Pathological splitting
There are 3 types of abnormal splitting patterns of S2: widened, fixed, and paradoxical.
Widened splitting of S2 refers to an increase in the time interval between A2 and P2, such that the two components are audibly separated even during expiration and become more widely separated in inspiration. This pattern is usually the result of delayed closure of the pulmonic valve, which occurs in right bundle branch block and sometimes in pulmonic valve stenosis.
Fixed splitting of S2 is an abnormally widened interval between A2 and P2 that remains unchanged throughout the respiratory cycle. This is caused by atrial septal defect, which causes chronic right-sided volume overload (as blood is shunted from the left atrium to the right atrium through the defect). This means that the right side is now constantly filled with a large volume of blood, which means it takes longer to empty its blood (prolonged systolic ejection time), delaying the P2 component of S2, even during expiration. The pattern of splitting does not change during the respiratory cycle because increased filling of the right atrium during inspiration is counteracted by a reciprocal decrease in the shunting through the defect (i.e. the more the blood that returns to the right atrium, the more diminishes the trans-atrial pressure gradient is, and so the less the volume of blood shunted).
Fixed S2 splitting can also be caused by pulmonary hypertension, which increases the resistance (afterload) in the pulmonary arteries. The right ventricle has to work significantly harder and take much longer to squeeze blood against this high pressure, prolonging its emptying time. This causes the pulmonic valve to close much later than the aortic valve, creating a wide split even during expiration.
Paradoxical splitting refers to audible separation of A2 and P2 during expiration that fuses into a single sound on inspiration, which is the opposite of the physiological splitting. It reflects an abnormal delay in the closure of the aortic valve such that P2 precedes A2. In adults, the most common cause is left bundle branch block, which impairs the spread of electrical activity through the left ventricle, resulting in delayed closure of the aortic valve. Then, during inspiration, as in physiological splitting, P2 becomes delayed and A2 moves earlier, resulting in superimposition of the two sounds. In addition to left bundle branch block, paradoxical splitting may be observed under circumstances in which left ventricular ejection is greatly prolonged, such as severe aortic stenosis or hypertrophic cardiomyopathy.
The following video shows split S2 sound, which can be heard as “echoing” of the second heart sound:
Extra heart sounds
Extra heart sounds are heart sounds other than S1 or S2. These sounds are usually abnormal, indicating an underlying pathology.

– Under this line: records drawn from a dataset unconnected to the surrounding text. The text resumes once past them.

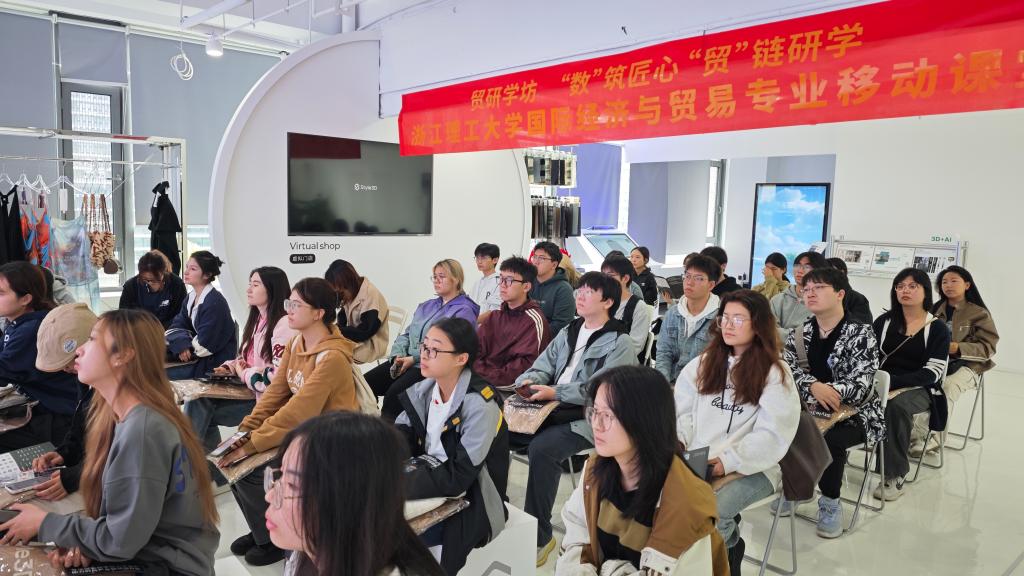 在数字化浪潮的推动下,国际贸易正经历着前所未有的变革。2024年11月13日,XCSport国际贸易系教师傅纯恒、成蓉、杨君带领2023级国际经济与贸易专业及国际经济与贸易(全英文授课班)全体员工参访了杭州凌迪数字科技有限公司,旨在深入了解数字科技在时尚产业中的应用,以及如何通过技术创新推动国际贸易的发展。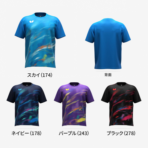 吸水速乾性のある肌触りの良い生地を使用した日本製のTシャツ 男女兼用●カラー:パープル (243)、ブルー (177)、ブラック(278) ●サイズ:SS, S, M, L, O, XO(男女兼用) ●素材:ポリエステル100%/スタティックドライ(セーレン) ●特徴:吸水速乾、伸縮 ●仕上り寸法表(単位:cm):Lサイズ 着丈66、胸回り110、肩幅49、袖丈20 ●原産国:日本 ※本製品は一点ごとに柄の出方が異なりますので、あらかじめご了承ください バタフライ |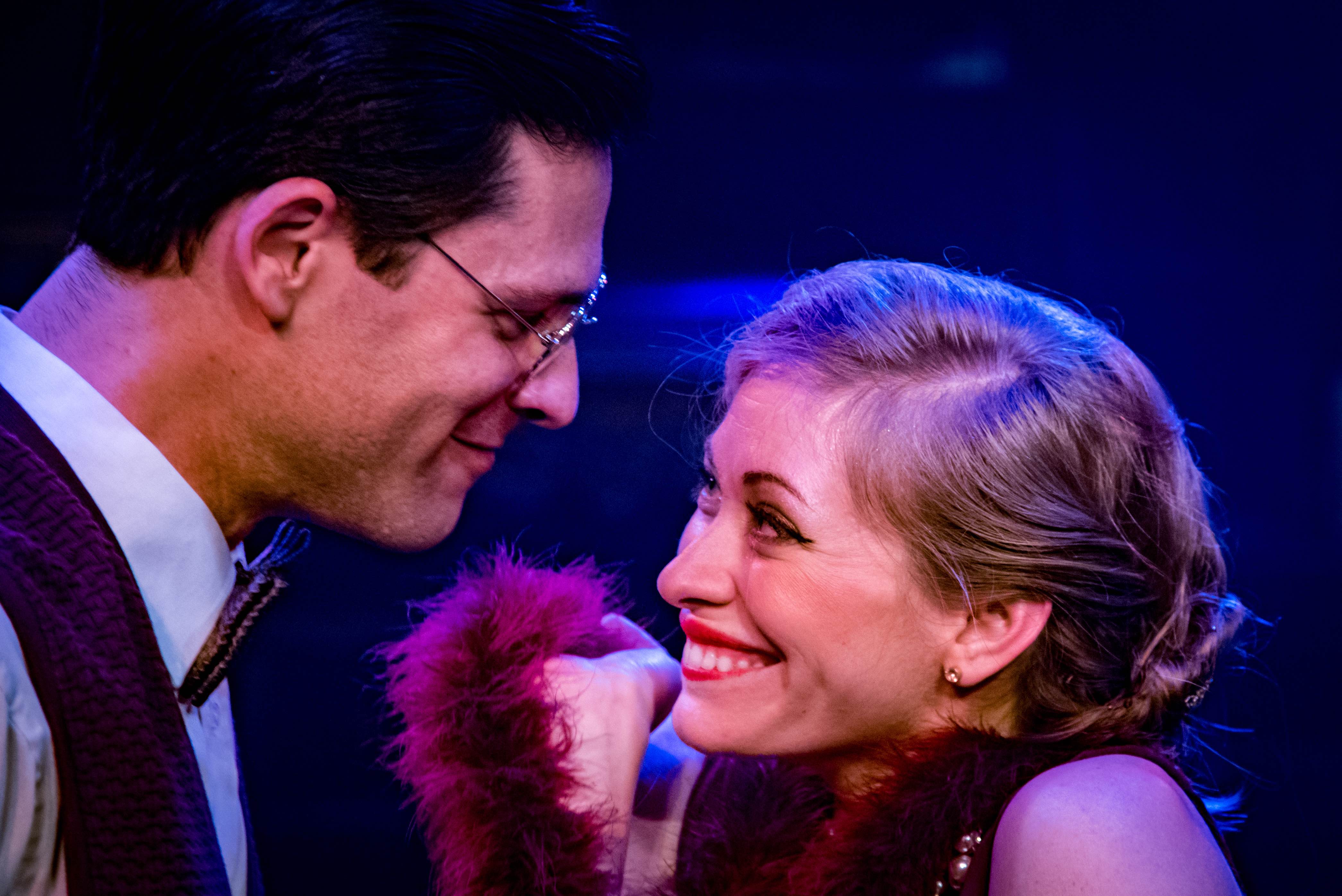 Scenic designer Stephen Gifford has turned the intimate playing space into the cramped yet comfy confines of Berlin’s Kit Kat Klub, even seating four couples at small tables in the playing area where they function as the Klub’s audience. The band is situated high above the action, hovering over the stage that forms the back wall of the set. That stage set is chock full of furniture pieces and props that are put into play when needed. Director Michael Matthews has staged some action in the theatre’s entranceway, using every inch of floor space available to him. He has mined this rich and overworked material, discovering new gems of insight into the characters and songs. Choreographer Janet Roston once again worked her magic as she put the leads and the very talented troupe of six chorus members (Jasmine Ejan, Tristan McIntyre, Sarah Mullis, Tanner Rampton, Nicole Stouffer and Mary Ann Welshans) through some very complicated and energetic dance moves on a postage stamp playing space.

Extra heart sounds are divided into systolic and diastolic heart sounds. Systolic heart sounds occur during systole, and so are heard between S1 and S2. Diastolic heart sounds, on the other hand occur during diastole, and so are heard between S2 and S1 of the next cardiac cycle.
The following diagram provides a summary of the timings or extra heart sounds
It is not likely that more than one or two of these extra sounds would appear in the same person at the same time, which is helpful clinically because some of these sounds are harder to appreciate if they are superimposed, especially by an inexperienced physician.
Extra systolic heart sounds
Extra systolic heart sounds are clicks that occur during systole (between S1 and S2). They are divided into early, mid, and late systolic clicks.
Clicks occurring in mid or late systole are usually the result of prolapse of the mitral or tricuspid valves, in which the leaflets bulge abnormally into the atrium during ventricular contraction, often accompanied by valvular regurgitation. These are high-frequency sounds, and so they are best heard with the diaphragm of the stethoscope over the mitral or tricuspid auscultatory regions.
Ejection clicks (early systolic clicks)
Ejection clicks are abnormal extra heart sound occurring early during systole shortly after S1 and coincide with the opening of the aortic or pulmonic valves. These sounds are sharp high-pitched snapping sounds, and so they are heard best with the diaphragm of the stethoscope over the aortic and pulmonic areas.
Ejection clicks indicate aortic or pulmonic valve stenosis or dilatation of the roots of pulmonary artery or aorta, which is known as a non-valvular ejection click.
In a stenotic aortic or pulmonary valve, the leaflets are often fused together at their commissures, creating a dome-like shape rather than opening outward flat against the vessel walls. As ventricular pressure shoots up during ejection phase, the stenotic valve is violently forced upward into the aorta or pulmonary artery. But because the leaflets are fused, the valve can only open so far before it reaches its maximum anatomical limit. When the valve leaflets hit this limit, their rapid upward movement is suddenly halted. This abrupt deceleration causes the flexible leaflets to snap, creating a sharp, high-pitched vibration. The moment the valve is forced into its domed position, blood is forcefully ejected through the narrowed stenotic orifice at a very high velocity, which slams against the walls of the root of the aorta or pulmonary trunk. This sudden pressure wave causes a rapid, forceful expansion of the vessel wall, contributing to the resonant snapping sound heard on auscultation.
Note
A helpful analogy for why an ejection click happens in stenotic pulmonary or aortic valve is to think of the valve like a sail on a sailboat. In a normal heart, the sail uncurls smoothly and quietly against the pole. In valve stenosis, the sail is caught by a sudden, violent gush of wind (blood being ejected) and flies upward until it hits the end of its ropes, snapping taut with a loud crack.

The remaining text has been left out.